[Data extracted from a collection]

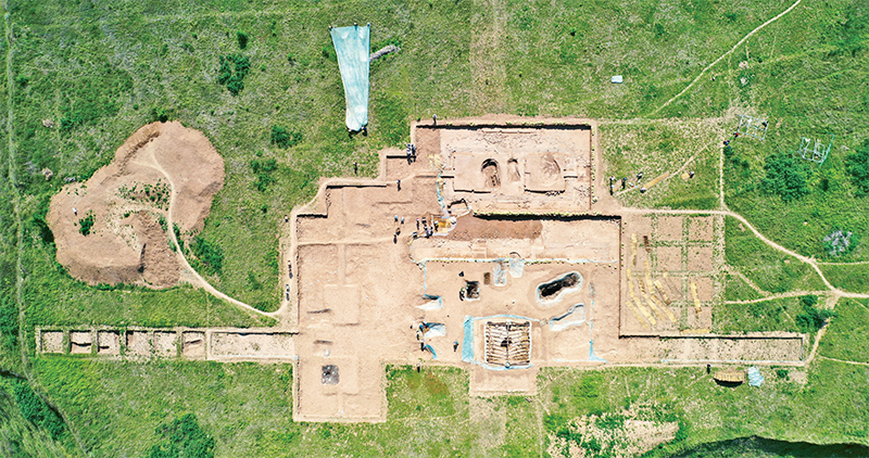 甘肅省隴南市禮縣一帶是早期秦文化發(fā)祥地,被譽(yù)為“秦人故里”。四角坪遺址位于禮縣四格子山頂部,是目前已發(fā)現(xiàn)的罕見的規(guī)模宏大、格局規(guī)整的秦代大型建筑群,體現(xiàn)了中國古代統(tǒng)一國家形成初期的風(fēng)格和氣魄,被評為2023年度全國十大考古新發(fā)現(xiàn)之一。圖為2022年6月10日拍攝的考古發(fā)掘現(xiàn)場。 新華社記者 陳斌/攝
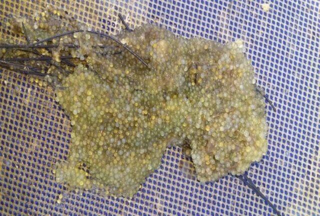 El fenómeno se da en el marco del proceso reproductivo de primavera, donde las hembras liberan los huevos para generar la fecundación. En esta ocasión, se estima que se liberaron más de 25.000 huevos.
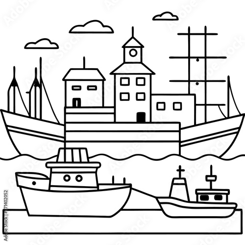 seaport, outline, colouring, book, page, line, art, drawing, vector, illustration, harbor, port, dock, ship, boat, maritime, nautical, waterfront, loading, cargo, container, crane, pier, coast, vessel, seacoast, blueprint, vignetting, coastline, docked, transportation, seascape, industry, engineering, facility, marin, graphic, design, shipyard, infrastructure
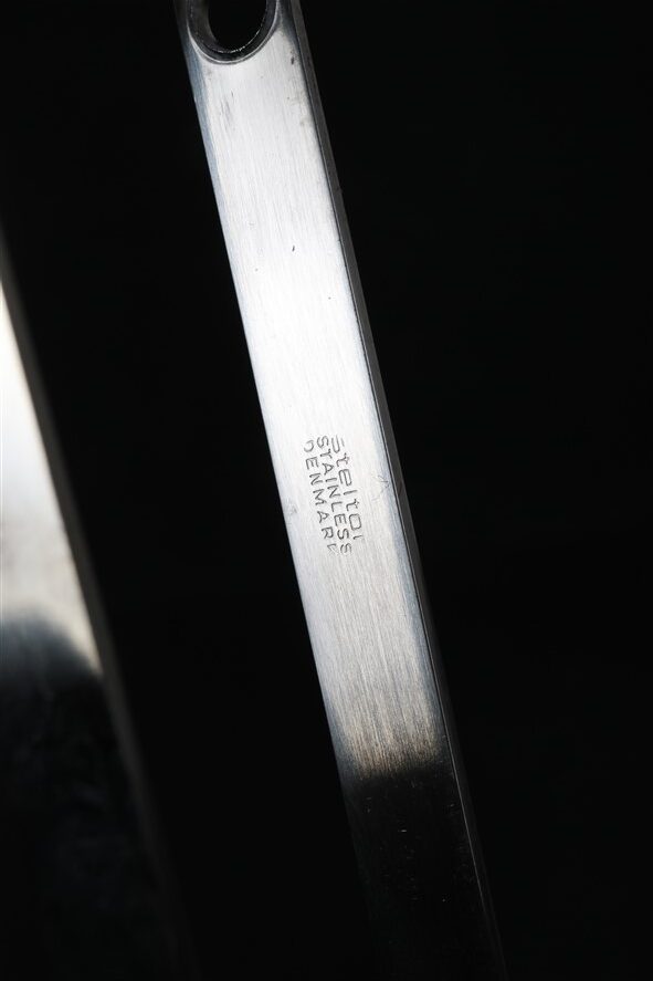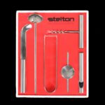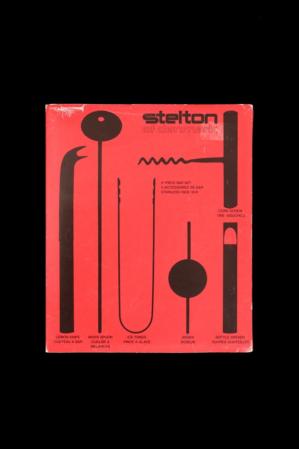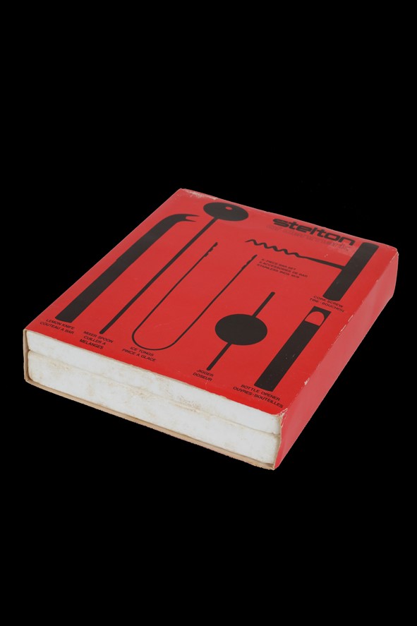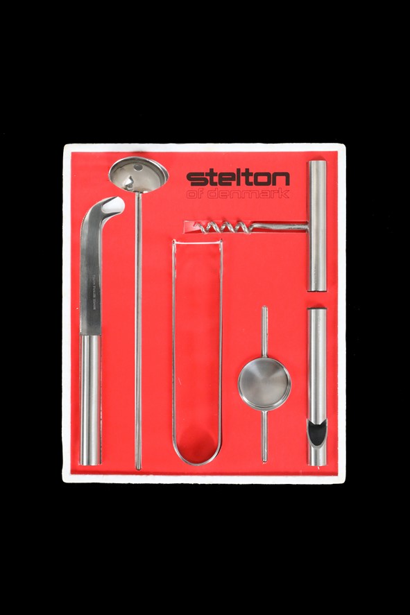 Rare 6-piece bar/cocktail set by Stelton. Vintage version from the 1970s. Ice tongs and mixing spoon designed by Arne Jacobsen; bottle opener, corkscrew, measuring cup, and fruit knife designed by Peter Holmblad. Stainless steel. Unused in original packaging (with slight signs of storage on the cardboard, see photos). Perfect for collectors or as a gift for friends of timeless Danish design. Box dimensions: approx. 26.5 x 22 x 5.2 cm (height, width, depth).
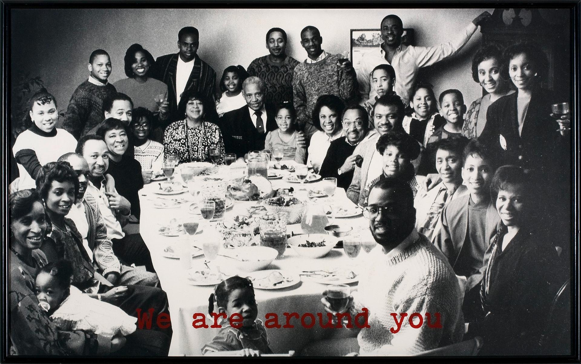 A related work, Cornered (1988), explores racial ambiguity through a lecture format. Piper speaks on a video monitor that is barred by an overturned table and flanked by her father’s two birth certificates. One identifies his race as white, and the other as the outdated term octoroon. Piper speaks to the audience in a measured, professorial tone: “I’m black. Now, let’s deal with this social fact, and the fact of my stating it, together.”
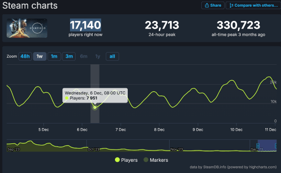 B社新作《星空》于今年9月份发售,目前已推出三个月。据SteamDB数据,其目前玩家在线数仅17140人,前几天的最低点更是来到了不到8000人。
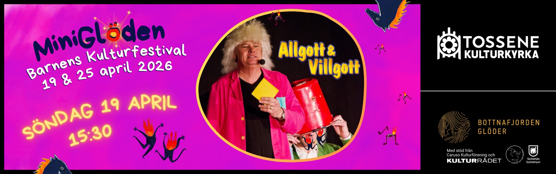 MiniGlöden arrangeras av Tossene Kulturkyrka med stöd av Kulturrådet och Caruso Kulturförening som en del av Bottnafjorden Glöder.
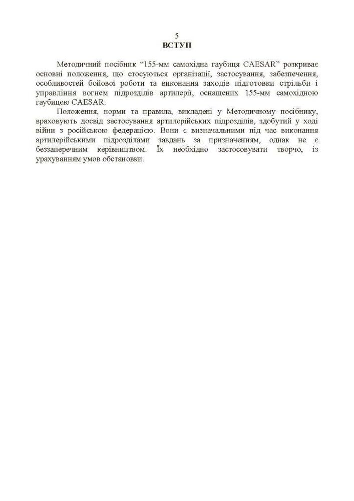 Методичний посібник “155-мм самохідна гаубиця CAESAR” розкриває основні положення, що стосуються організації, застосування, забезпечення, особливостей бойової роботи та виконання заходів підготовки стрільби і управління вогнем підрозділів артилерії, оснащених 155-мм самохідною гаубицею CAESAR.
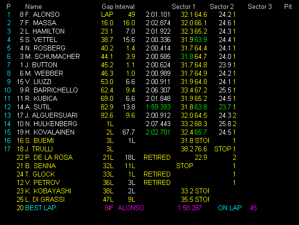 Já o tetracampeão Sebastian Vettel voltou a decepcionar. O alemão foi eliminado logo no Q2 e largará em décimo, atrás do atual vice-campeão, o espanhol Fernando Alonso, da Ferrari.
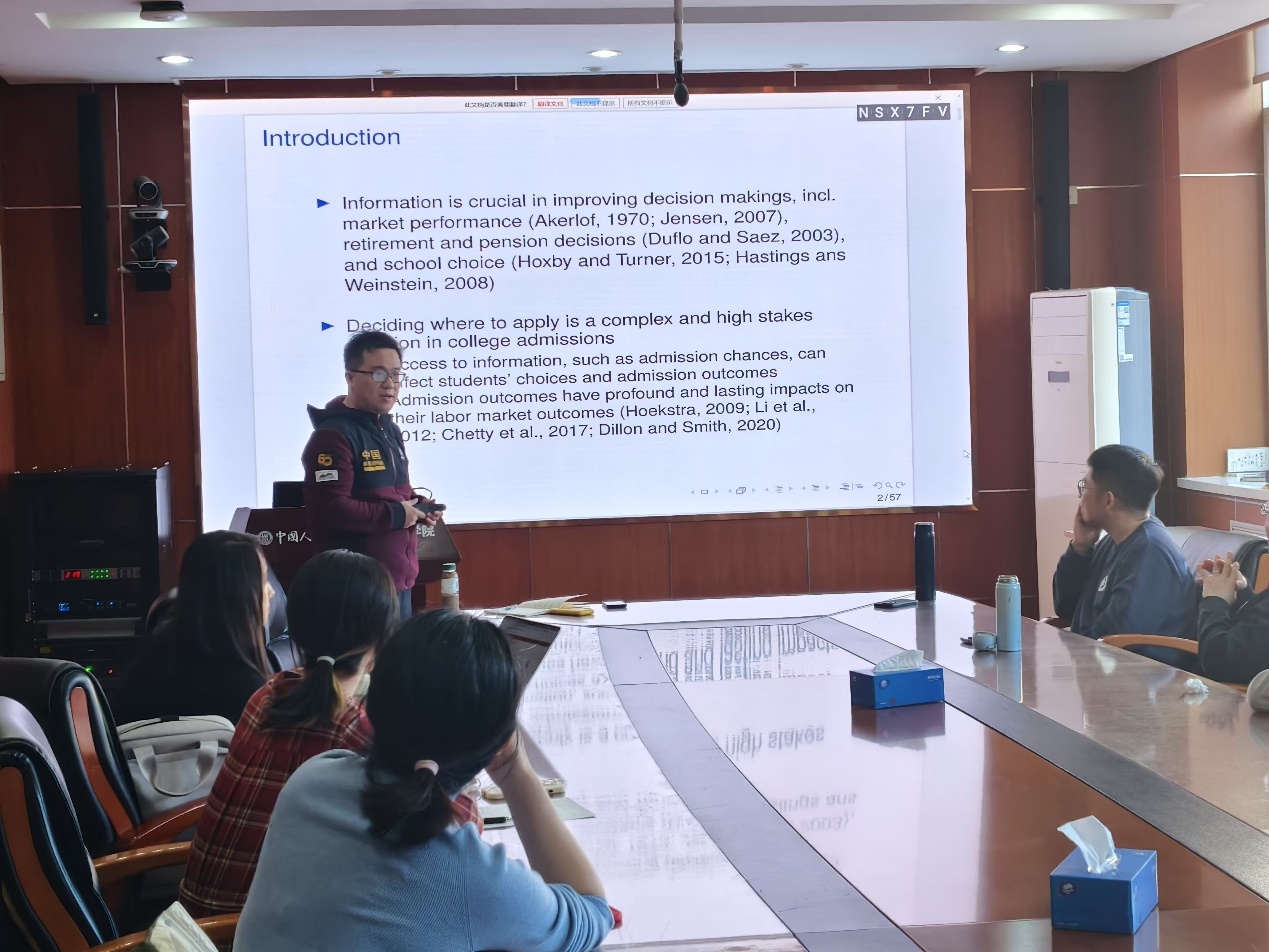 2024年12月5日下午,由免费黄色网站 主办,劳动经济系和中国就业研究所承办的“劳动经济学双周论坛”第214期讲座在求是楼347会议室成功举办。来自南京大学教育研究院康乐特任副研究员分享了主题为“Information Asymmetries in College Admissions”的研究。本次论坛由免费黄色网站 王非副教授主持,免费黄色网站 邹先强副教授、林琳讲师、雷子腾讲师、王雪凝讲师、陈泽阳讲师,以及其他校内外师生参与了此次讲座。
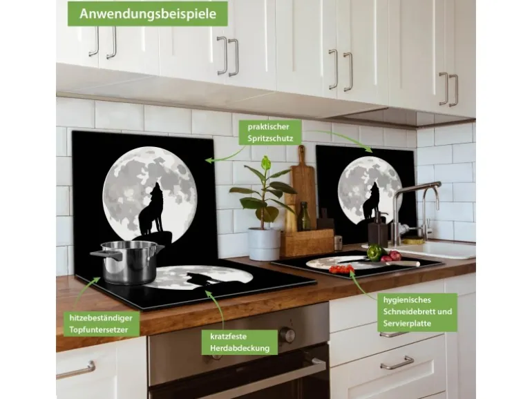 Banjado Herdabdeckplatte Glas 1 Teilig 60x52CM Schneidebrett Herdabdeckung Mit Motiv Heulender Wolf Sw
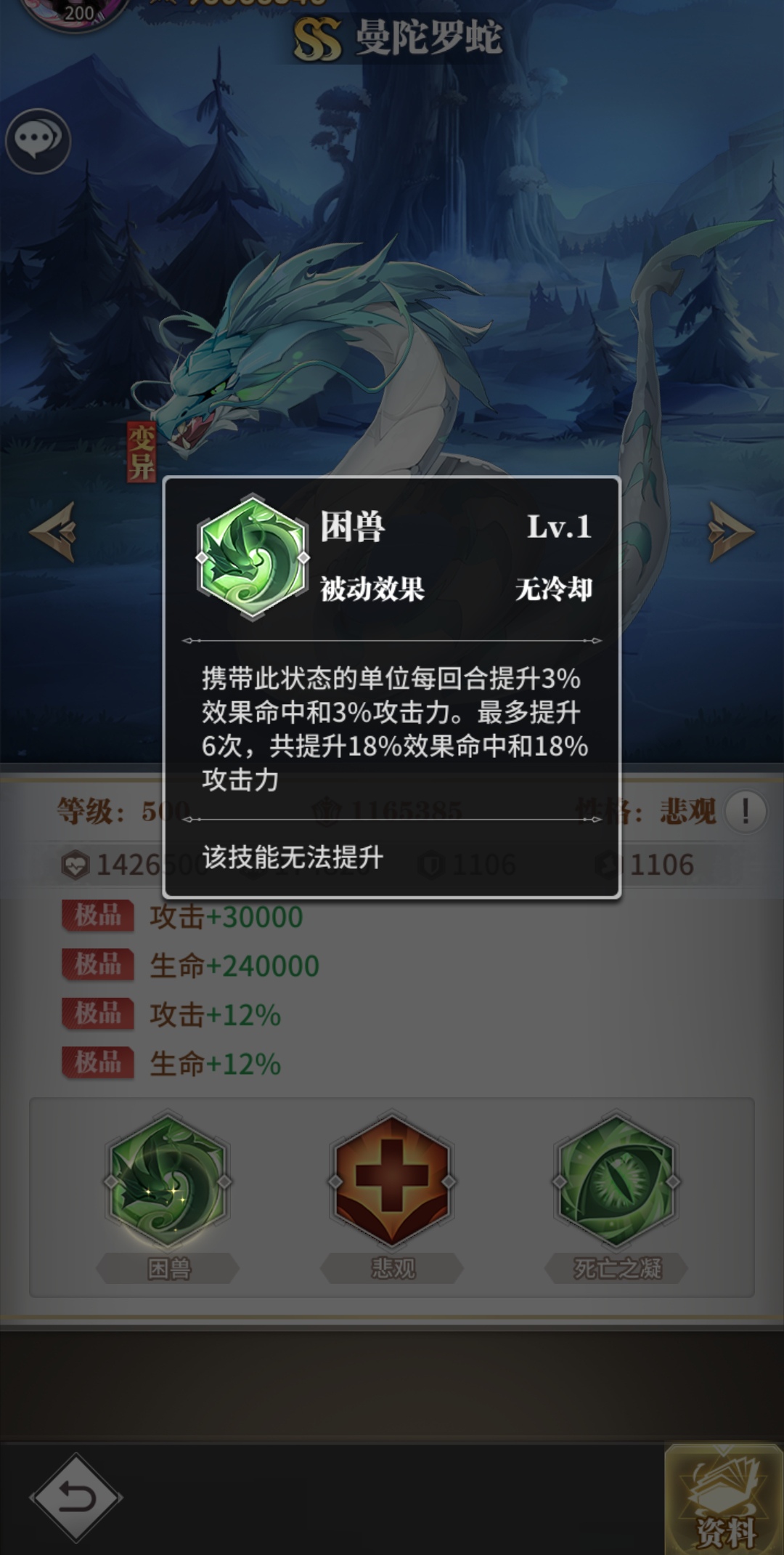 困兽:携带此状态的单位每回合提升3%效果命中和3%攻击力。最多提升6次,共提升18%效果命中和18%攻击力

- Exercise prompt -
Copy each record exactly. Leave any images out of the copy.

- Solution to this task -
 甘肅省隴南市禮縣一帶是早期秦文化發(fā)祥地,被譽(yù)為“秦人故里”。四角坪遺址位于禮縣四格子山頂部,是目前已發(fā)現(xiàn)的罕見的規(guī)模宏大、格局規(guī)整的秦代大型建筑群,體現(xiàn)了中國古代統(tǒng)一國家形成初期的風(fēng)格和氣魄,被評為2023年度全國十大考古新發(fā)現(xiàn)之一。圖為2022年6月10日拍攝的考古發(fā)掘現(xiàn)場。 新華社記者 陳斌/攝
 El fenómeno se da en el marco del proceso reproductivo de primavera, donde las hembras liberan los huevos para generar la fecundación. En esta ocasión, se estima que se liberaron más de 25.000 huevos.
 seaport, outline, colouring, book, page, line, art, drawing, vector, illustration, harbor, port, dock, ship, boat, maritime, nautical, waterfront, loading, cargo, container, crane, pier, coast, vessel, seacoast, blueprint, vignetting, coastline, docked, transportation, seascape, industry, engineering, facility, marin, graphic, design, shipyard, infrastructure
 Rare 6-piece bar/cocktail set by Stelton. Vintage version from the 1970s. Ice tongs and mixing spoon designed by Arne Jacobsen; bottle opener, corkscrew, measuring cup, and fruit knife designed by Peter Holmblad. Stainless steel. Unused in original packaging (with slight signs of storage on the cardboard, see photos). Perfect for collectors or as a gift for friends of timeless Danish design. Box dimensions: approx. 26.5 x 22 x 5.2 cm (height, width, depth).
 A related work, Cornered (1988), explores racial ambiguity through a lecture format. Piper speaks on a video monitor that is barred by an overturned table and flanked by her father’s two birth certificates. One identifies his race as white, and the other as the outdated term octoroon. Piper speaks to the audience in a measured, professorial tone: “I’m black. Now, let’s deal with this social fact, and the fact of my stating it, together.”
 B社新作《星空》于今年9月份发售,目前已推出三个月。据SteamDB数据,其目前玩家在线数仅17140人,前几天的最低点更是来到了不到8000人。
 MiniGlöden arrangeras av Tossene Kulturkyrka med stöd av Kulturrådet och Caruso Kulturförening som en del av Bottnafjorden Glöder.
 Методичний посібник “155-мм самохідна гаубиця CAESAR” розкриває основні положення, що стосуються організації, застосування, забезпечення, особливостей бойової роботи та виконання заходів підготовки стрільби і управління вогнем підрозділів артилерії, оснащених 155-мм самохідною гаубицею CAESAR.
 Já o tetracampeão Sebastian Vettel voltou a decepcionar. O alemão foi eliminado logo no Q2 e largará em décimo, atrás do atual vice-campeão, o espanhol Fernando Alonso, da Ferrari.
 2024年12月5日下午,由免费黄色网站 主办,劳动经济系和中国就业研究所承办的“劳动经济学双周论坛”第214期讲座在求是楼347会议室成功举办。来自南京大学教育研究院康乐特任副研究员分享了主题为“Information Asymmetries in College Admissions”的研究。本次论坛由免费黄色网站 王非副教授主持,免费黄色网站 邹先强副教授、林琳讲师、雷子腾讲师、王雪凝讲师、陈泽阳讲师,以及其他校内外师生参与了此次讲座。
 Banjado Herdabdeckplatte Glas 1 Teilig 60x52CM Schneidebrett Herdabdeckung Mit Motiv Heulender Wolf Sw
 困兽:携带此状态的单位每回合提升3%效果命中和3%攻击力。最多提升6次,共提升18%效果命中和18%攻击力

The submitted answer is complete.